Salah satu kelemahan kompetisi sepak bola di Indonesia adalah jadwal yang tak tentu. Telah menjadi hal lumrah adanya perubahan jadwal di tengah kompetisi sepak bola di Indonesia karena berbagai faktor. Hal ini berefek pada perubahan jadwal tayangan pertandingan di stasiun televisi atau media digital yang menayangkan melalui live streaming, kondisi tersebut menghambat promosi cabang olahraga lain melalui media.
”Cabang olahraga lain pasti kalah saat ada siaran langsung sepak bola di TV. Mereka akan menunggu penayangan saat tak ada sepak bola. Saat jadwal sepak bola enggak jelas, dampaknya tentu dirasakan cabang lain,” ujar Hasani Abdulgani saat peluncuran bukunya berjudul ”Sports Marketing” di Jakarta, Rabu (30/10/2019).
Hasani, koresponden Tabloid BOLA saat tinggal di Amerika Serikat pada 1990-an, mendirikan Mahaka Sports bersama Erick Thohir sekembali ke Indonesia pada 2001. Pengetahuan dan pengalaman di bidang pemasaran olahraga membuatnya menjadi salah satu penanggung jawab bidang pemasaran panitia Asian Games Jakarta Palembang 2018.
Pengalaman tersebut memperkaya buku pemasaran olahraga yang jarang dibuat penulis Indonesia. Untuk bercerita tentang industri sepak bola misalnya, Hasani memberi contoh ketika Mahaka Sports menjadi penyelenggara turnamen sepak bola Piala Presiden.
Hasani menilai, cabang ini memiliki pasar yang sangat besar di Indonesia dengan penonton yang selalu memenuhi stadion, juga tingginya jumlah penonton melalui siaran langsung TV. Sayangnya, banyak pilar nilai pasar olahraga yang tak dapat dipenuhi cabang ini.
Dalam pandangan Hasani, ada pilar utama dan pendukung dalam menciptakan nilai pasar olahraga untuk mewujudkan industri olahraga. Dalam pilar utama terdapat kualitas atlet dan klub yang tercermin melalui prestasi, media sebagai alat promosi, pengelola kompetisi dan profesionalisme pengelolaan asosiasi olahraga, dan infrastruktur.

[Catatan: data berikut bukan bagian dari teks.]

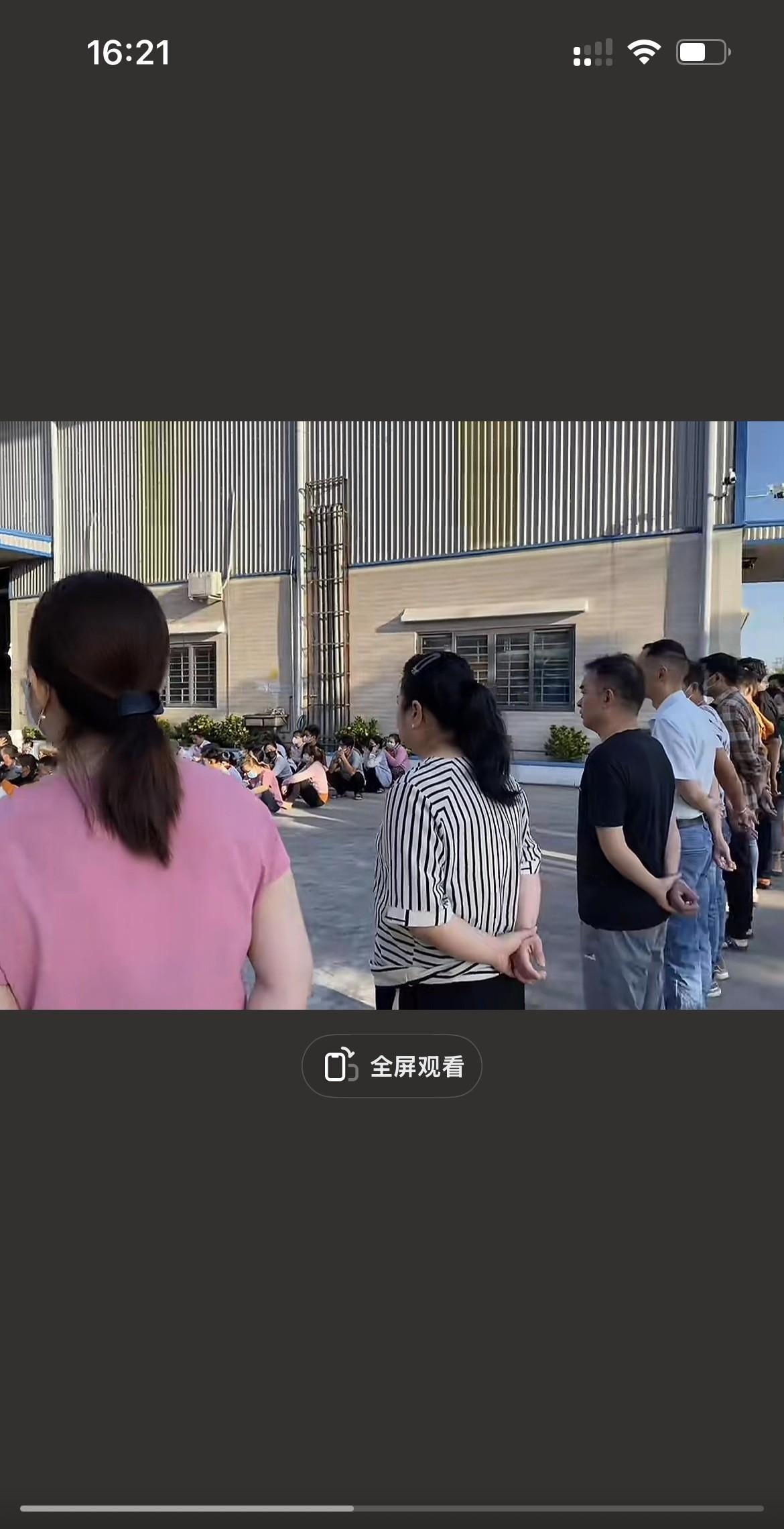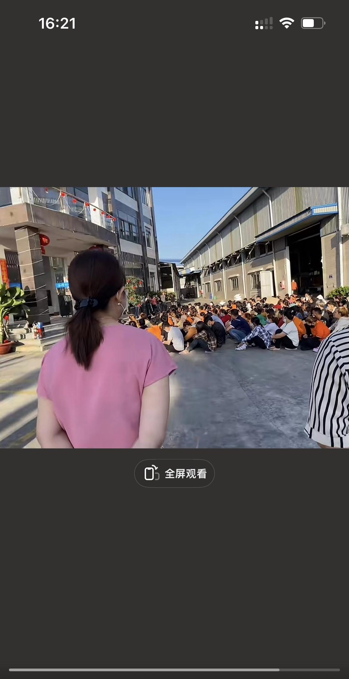 越南鞋厂开早会,工人坐在地上听,领导管理人员站着围观,像是在审判犯人一样,天天开
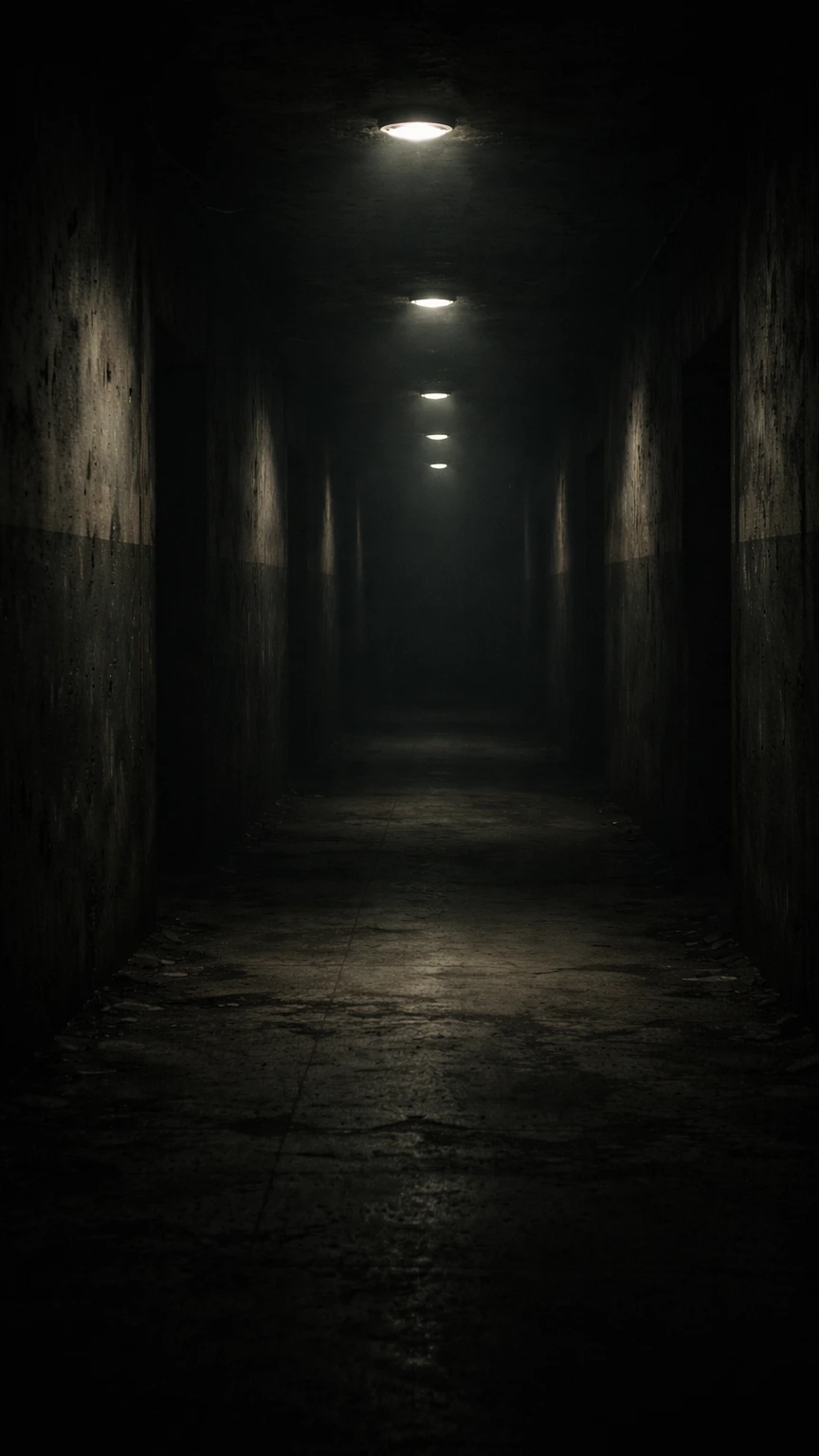Long empty corridor stretching into darkness, dim overhead lights spaced irregularly, soft light falloff between each source, deep shadows swallowing side walls, subtle fog thickening toward distance, worn concrete textures, strong linear perspective, cinematic depth, muted grayscale palette, quiet atmospheric tension Floating Monolith in Void Prompt:
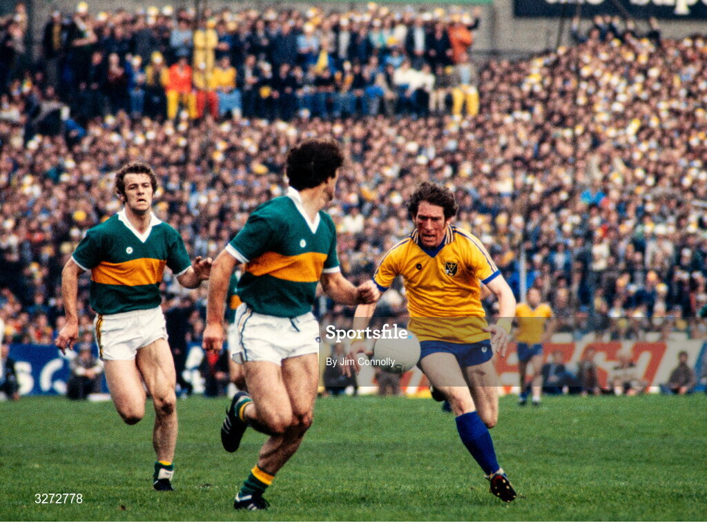 21 September 1980; Seamus Hayden of Roscommon in action against Jack O'Shea of Kerry during the All Ireland Football Final match between Kerry and Roscommon at Croke Park in Dublin. Photo by Connolly Collection/Sportsfile
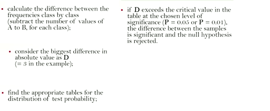 And if D, so the value you calculated exceed the critical value, in the table at the chosen levelof significance for P=0.05 or for P=0.01, the difference betweenthe samples is significant and then the null hypothesis can be rejected.
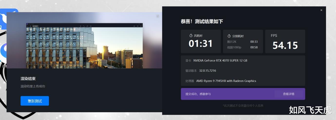 D5渲染器是一款3D创作工具,以实时渲染为起点,无缝连接多种建模软件,提供一种全新的工作流。D5目前已广泛应用于建筑、景观、室内、婚礼等领域,助力设计和可视化表现,打造愉快、高效、自由的3D创作体验。使用老的RTX 4070 SUPER的电脑测试显示耗时1分31秒,FPS54.15。

Adapun pilar pendukung terdiri atas dukungan pemerintah, regulasi, etika, dan perilaku penonton. “Yang membuat sepak bola di Indonesia seperti ini adalah orang-orang di dalamnya sendiri, padahal pasarnya sangat tinggi. Saya sudah mengatakan itu saat PSSI dipimpin Pak Agum Gumelar,” kata Hasani.

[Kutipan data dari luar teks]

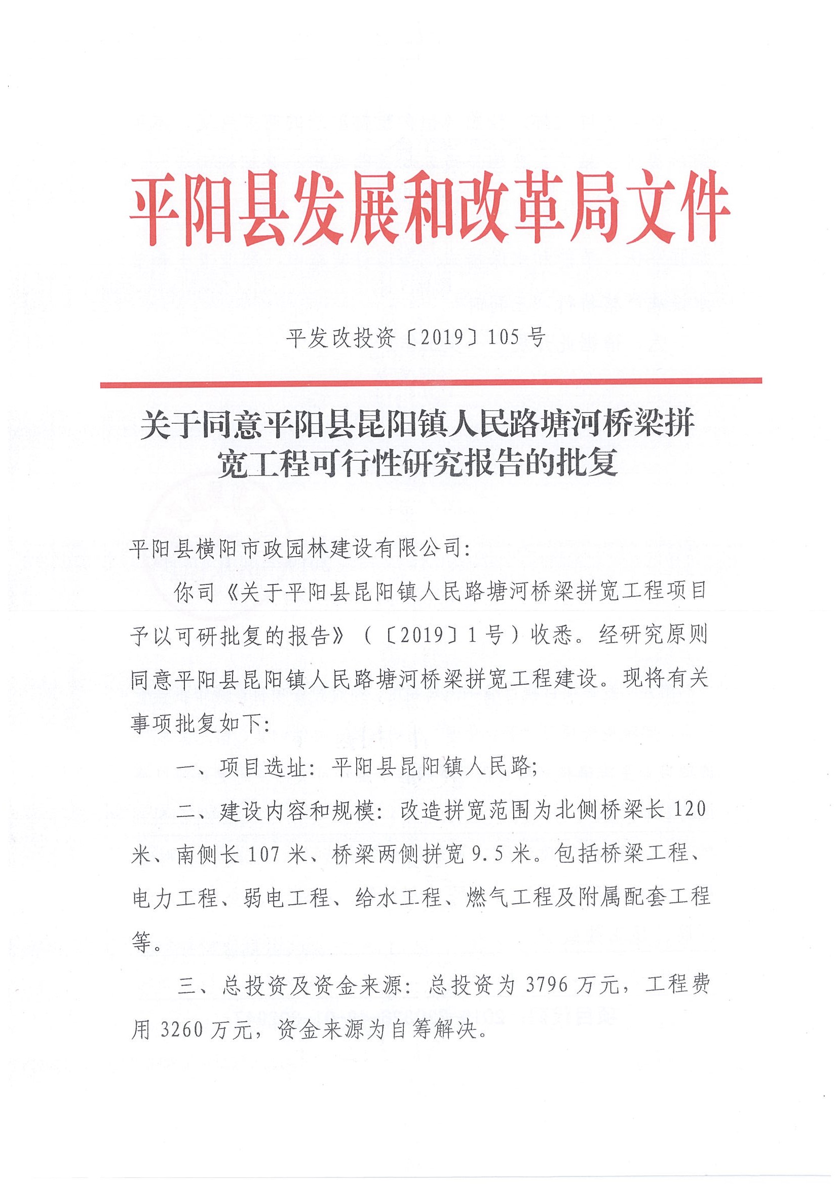 關于同意平陽縣昆陽鎮人民路塘河橋梁拼寬工程可行性研究報告的批復
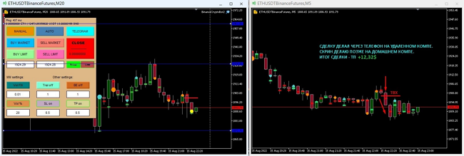 Сделка с телефона, с приложения для удаленного компьютера. Тренд вниз, откат, на М20 ТТ +красная полоска, на М5 тоже ТТ и красная свеча с красной полоской.

Hasani, kemudian, bercerita pengalaman saat Mahaka menyelenggarakan Piala Presiden 2015. “Setiap kali setelah pertandingan, saya selalu dimarahi tim yang kalah. Ketika final Persib melawan Sriwijaya harus berlangsung di Jakarta, semula ada penolakan dari kepolisian karena bobotoh akan datang ke Jakarta. Kami berusaha mengubah citra negatif sepak bola menjadi positif. Pertandingan akhirnya berlangsung di Jakarta dengan share TV cukup tinggi 45 persen, mengalahkan sinetron Tukang Bubur Naik Haji yang selalu mengalahkan olahraga,” tutur Hasani.
Berdasarkan tingginya pasar itulah, sepak bola pun bisa menjadi tonggak untuk membangun industri olahraga di Indonesia, dengan catatan harus ada penataan di berbagai bidang. Beberapa cabang dinilai memiliki potensi menjadi industry, yaitu bulu tangkis dan bola voli. “Bulu tangkis punya prestasi tingkat dunia, voli tak kalah populer dengan sepak bola,” kata Hasani.
Selain bercerita tentang potensi industri olahraga dari sepak bola, buku ini juga mengulas sukses Indonesia menggelar Asian Games 2018, potensi pariwisata olahraga, serta menyingkap cara berpikir sponsor.
Erick, dalam pengantar buku tersebut, mengatakan, pertumbuhan ekonomi yang terus meningkat bisa turut menentukan tumbuhnya industri olahraga Indonesia. Erick juga mengingatkan nilai-nilai yang dimiliki olahraga, seperti mendidik orang untuk sportif dan saling menghargai.